California Minimum Wage Law
California’s minimum wage for most employees is $10.50 hour. There are exceptions for outside salespeople, certain apprentices, and a parent, spouse, or child of the employer. Cities within California have different minimum wage based on cost of living.
California Overtime Law
California law mandates overtime pay for work over eight hours per workday or forty hours per workweek.
California Mandated Employee Meal Periods
California law also regulates employee meal periods:
- An employee must have a minimum thirty-minute meal period prior to completing five hours of work.
- If the workday is less than six hours, the meal period may be waived by mutual consent.
- If the workday is longer than ten hours, a second meal period must be provided, unless the workday is less than twelve hours and the first meal period was not waived.
- If an employee is not permitted to leave the employer's premises and not relieved of his or her duties, the meal period is considered “on duty” and must be paid at the employee's pay rate.
California Paydays and Final Wages
California law requires payment of wages at least twice a month on designated paydays. Employees who submit 72 hours notice of quitting must be paid their wages and accrued vacation when quitting. Employees who have not given 72 hours notice must receive final wages and accrued vacation within 72 hours of quitting. A discharged employee must be paid wages, and accrued vacation immediately when terminated.
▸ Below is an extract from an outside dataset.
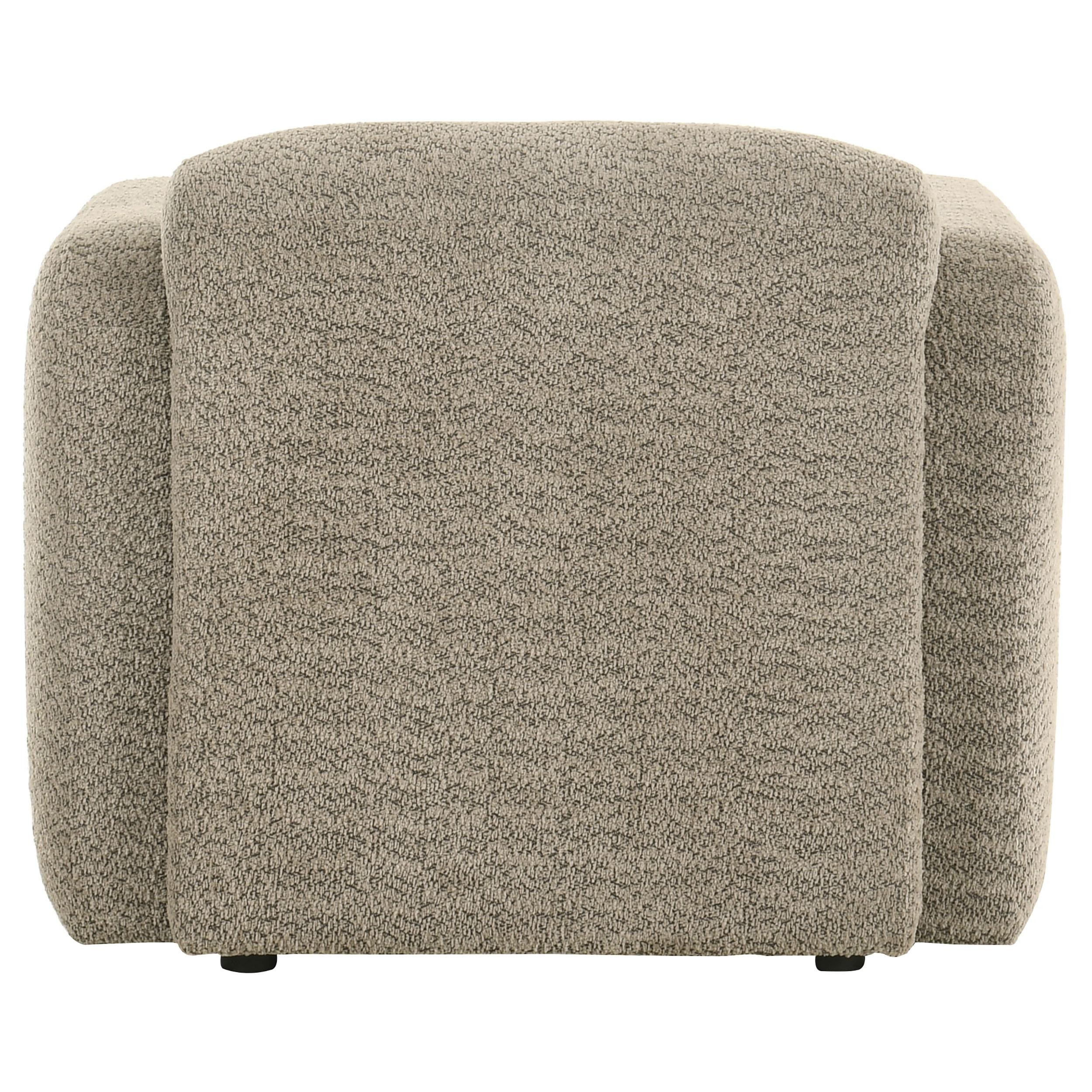 This modern accent chair brings sculptural softness and deep comfort to any living space. Wrapped in a richly textured fabric, its rounded frame flows from low-profile back to wide track arms with effortless ease. Plush foam cushioning and pocket coil seating deliver the ideal blend of sink-in softness and lasting support. With its minimal silhouette and gentle curves, this chair adds a cozy yet elevated presence to any room.

Required Employee Rest Periods in California
Employees who qualify must receive a ten-minute rest period for every four hours worked. If an employee is not given the rest period, an employer must pay the employee one hour of wages for each workday the rest period is not provided.
California Vacation Law
California law does not require an employer to give paid or unpaid vacation, but if an employer has a vacation policy, there are rules governing it. Vacation pay is considered wages, cannot be forfeited and is to be paid at termination or departure. Employers may have vacation pay earned according to the hours an employee works. Time may accrue daily, weekly or monthly. An employer may delay an employee from earning vacation pay until a set period of time has passed, for example probationary or introductory periods.